A kind of folacin receptor targeting type nanogold particle and preparation method thereof
Technical field
The present invention relates to nanogold particle, particularly a kind of folacin receptor targeting type nanogold particle and preparation method thereof.
Background technology
Nanogold particle (GNPs) is applied in the biomedical research more and more widely.Nanogold particle possesses lot of advantages as imaging agents; With respect to other materials; Nanogold particle self has very strong surface plasma resonance, and (Surface PlasmonResonance, SPR) absorption and scattering properties make it help more detecting in medical science as contrast agent application.Nanogold particle is insensitive to the light effect of floating, and shows excellent biological compatibility and no cytotoxicity.Another major reason of nanogold particle extensive use is that it is easy to carry out bio-modification; The surface of nanogold particle combines with sulfydryl, amino and disulphide etc. easily; Especially through forming golden sulfur (Au-S) key, can biomolecule such as polypeptide, nucleic acid and protein be attached to the nanogold particle surface, after the surface of nanogold particle is modified; Can make nanogold particle have molecular targeted function, be applied to the early diagnosis of tumor.

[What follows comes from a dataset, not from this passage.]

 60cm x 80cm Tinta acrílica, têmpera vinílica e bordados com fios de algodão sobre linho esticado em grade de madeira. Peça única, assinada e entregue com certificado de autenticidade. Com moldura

Glutathion (GSH) is as a kind of natural micromolecule tripeptides; Its particular chemical structure is arranged, and have good water-solubility and chemical stability, can stably be combined in the surface of nanogold particle; Make nanogold particle can further modify (Chen W.; Tu X., Guo X, Fluorescent gold nanoparticles-based fluorescence sensor for Cu 2+Ions.Chem.Commun.2009:1736-1738.).Nanogold particle after folate molecule can be modified with glutathion is through forming the surface that covalent bond is connected to nanogold particle, and (folate receptors FR) is the strand glycoprotein of anchor on glycerol phosphate phthalein inositol in the cell membrane to folacin receptor.Folacin receptor has the affinity of height to folic acid and analog thereof, and has basic characteristics such as saturability, reversibility and competitiveness.In tumor research, find; Folic acid metabolism in most of tumor cell is vigorous; The folacin receptor of tumor cell surface is apparently higher than the folacin receptor on normal tissue cell surface, and based on these characteristics, folacin receptor has received concern widely as the molecular target of tumor cell.
Summary of the invention
First purpose of the present invention is to provide a kind of folacin receptor targeting type nanogold particle.

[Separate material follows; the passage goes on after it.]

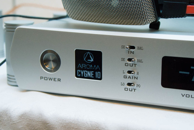 これまでイヤホンやポータブルヘッドホンアンプなどのポータブル製品を開発してきたAROMAからは、初の据え置きモデルとなるヘッドホンアンプ兼プリアンプ「CYGNE10」が発表。価格、発売日は現在も調整中とのこと。発表会では同社社長のツァン氏が登場して、具体的な製品の解説を行った。

Second purpose of the present invention is to provide a kind of method for preparing of folacin receptor targeting type nanogold particle.
Forming of said a kind of folacin receptor targeting type nanogold particle by nanogold particle, folic acid and glutathion; The sulfydryl of said glutathion and the surface of nanogold particle form golden sulfur (Au-S) key, and the carboxyl in the said glutathion and the amino of said folic acid form amido link.

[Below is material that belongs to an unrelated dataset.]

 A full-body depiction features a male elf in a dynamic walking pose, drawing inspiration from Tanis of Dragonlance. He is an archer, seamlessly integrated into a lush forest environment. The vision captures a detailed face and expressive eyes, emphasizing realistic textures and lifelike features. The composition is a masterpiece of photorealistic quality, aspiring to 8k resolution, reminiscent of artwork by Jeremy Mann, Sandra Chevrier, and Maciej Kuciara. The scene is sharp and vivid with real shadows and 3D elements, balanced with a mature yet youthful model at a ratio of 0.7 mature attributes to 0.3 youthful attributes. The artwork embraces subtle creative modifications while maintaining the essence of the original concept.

The mol ratio of said nanogold particle, folic acid and glutathion can be 1: (1~2): (1~3).
The method for preparing of said a kind of folacin receptor targeting type nanogold particle may further comprise the steps:
1) with chlorauric acid solution and citric acid three sodium solution add in the entry mixed solution, mixed solution is heated postcooling promptly gets solution A;
2) glutathione solution is added in the solution A, stir, get solution B after the dialysis;
3) in solution B, add N-hydroxy-succinamide (NHS) and dicyclohexylcarbodiimide (DCC), add folic acid behind the stirring and evenly mixing, restir, dialysis promptly gets product folacin receptor targeting type nanogold particle.
In step 1), the volume ratio of said chlorauric acid solution, citric acid three sodium solution and water can be 1: 5: 94; The mass concentration of said chlorauric acid solution can be 1%, and the mass concentration of said citric acid three sodium solution can be 1%, and said heating can be adopted microwave heating, and the temperature of heating can be 100~120 ℃, and the time of heating can be 1~10min.
In step 2) in, the concentration of said glutathion can be 0.1mol/L, and the volume ratio of said glutathione solution and solution A can be 1: 200, and the time of stirring can be 8~16h, and the time of dialysis can be 6~12h.
In step 3), the concentration of said N-hydroxy-succinamide can be 0.05mol/L, and the volume ratio of said N-hydroxy-succinamide and solution B can be 1: 400; The concentration of said dicyclohexylcarbodiimide can be 0.05mol/L, and the volume ratio of said dicyclohexylcarbodiimide and solution B can be 1: 400; The volume ratio of said folic acid and solution B can be 1: 200; The time of restir can be 8~16h, and the time of dialysis can be 12~24h.
The cell that a kind of folacin receptor targeting type nanogold particle according to the invention can the specific recognition surface has high-level folacin receptor to express can be used as the molecular probe that detects tumor cell, in tumor cell detects, has widely and uses.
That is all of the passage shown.